Information supplied:
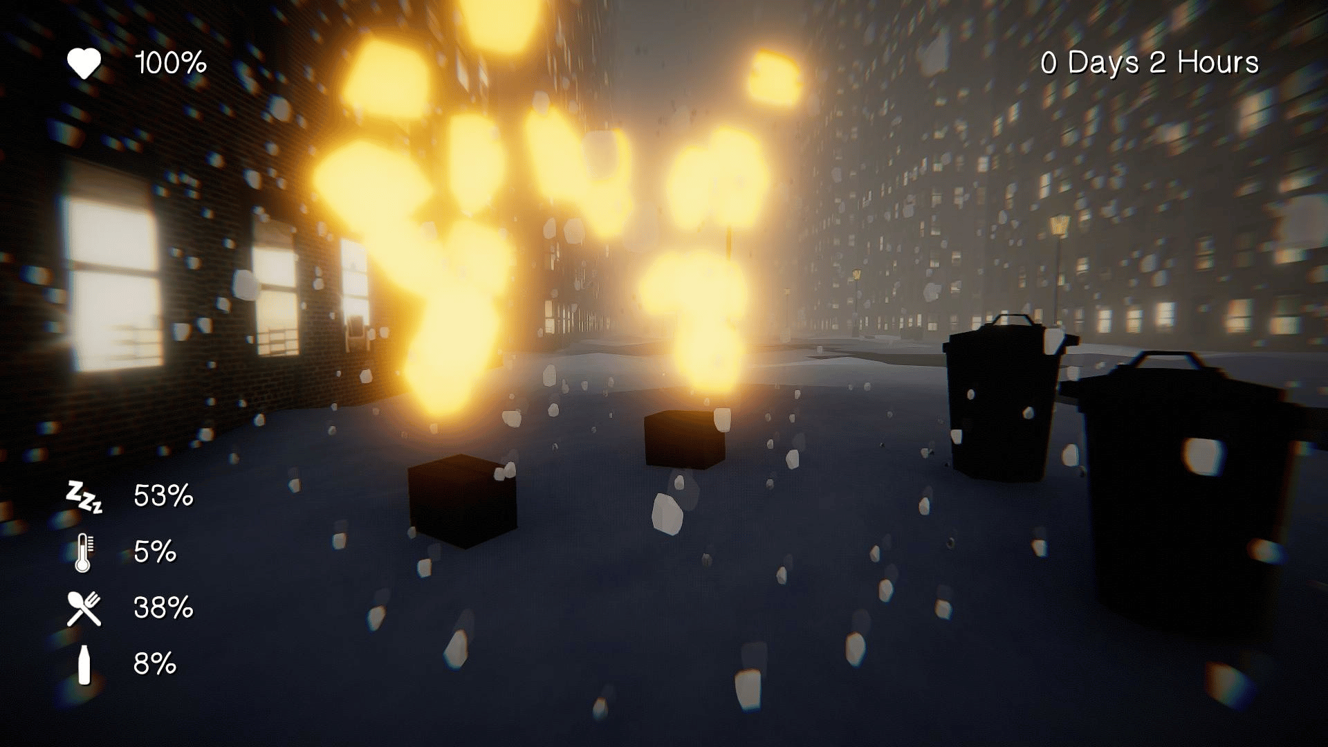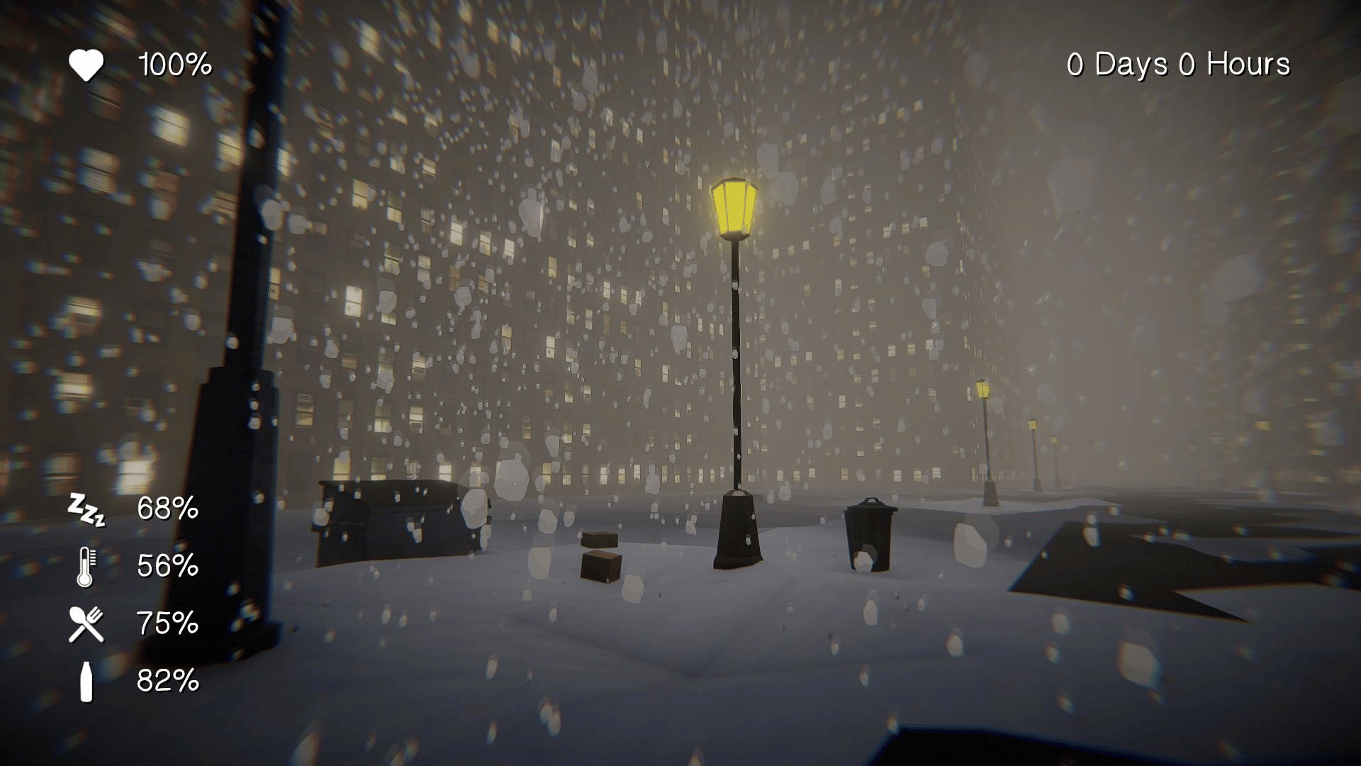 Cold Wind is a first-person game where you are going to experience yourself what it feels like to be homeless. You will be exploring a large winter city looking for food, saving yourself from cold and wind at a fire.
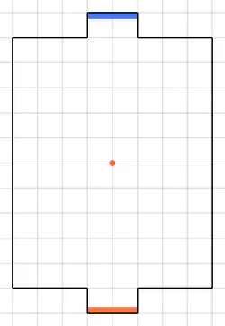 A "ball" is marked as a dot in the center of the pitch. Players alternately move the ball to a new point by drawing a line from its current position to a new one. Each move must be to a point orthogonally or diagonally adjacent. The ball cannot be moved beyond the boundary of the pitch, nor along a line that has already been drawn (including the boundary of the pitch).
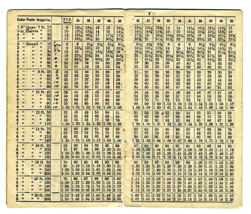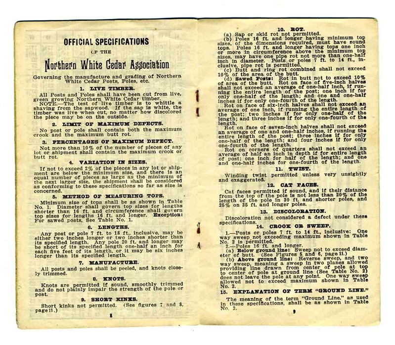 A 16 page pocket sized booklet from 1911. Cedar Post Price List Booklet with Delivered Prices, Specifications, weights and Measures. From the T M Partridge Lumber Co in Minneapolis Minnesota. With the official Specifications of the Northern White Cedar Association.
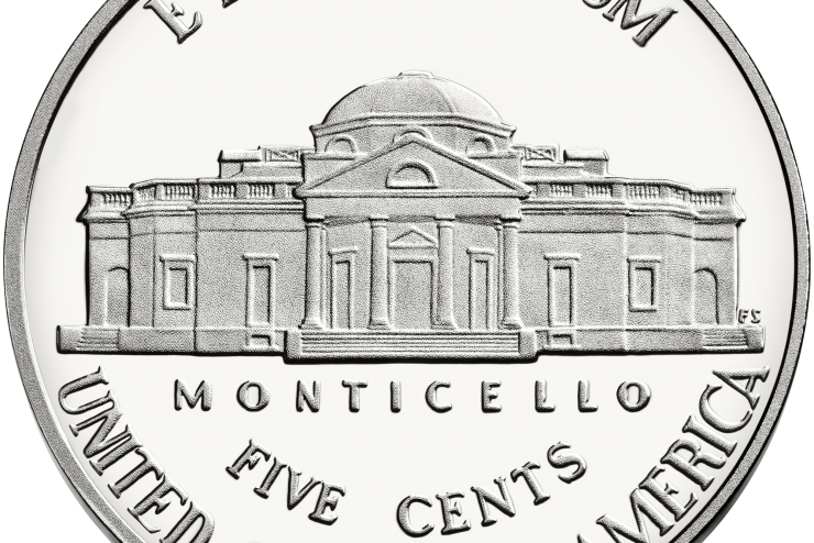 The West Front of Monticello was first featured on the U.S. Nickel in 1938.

The task:
Output all of the data exactly as it stands, minus any images.

Exercise answer:
 Cold Wind is a first-person game where you are going to experience yourself what it feels like to be homeless. You will be exploring a large winter city looking for food, saving yourself from cold and wind at a fire.
 A "ball" is marked as a dot in the center of the pitch. Players alternately move the ball to a new point by drawing a line from its current position to a new one. Each move must be to a point orthogonally or diagonally adjacent. The ball cannot be moved beyond the boundary of the pitch, nor along a line that has already been drawn (including the boundary of the pitch).
 A 16 page pocket sized booklet from 1911. Cedar Post Price List Booklet with Delivered Prices, Specifications, weights and Measures. From the T M Partridge Lumber Co in Minneapolis Minnesota. With the official Specifications of the Northern White Cedar Association.
 The West Front of Monticello was first featured on the U.S. Nickel in 1938.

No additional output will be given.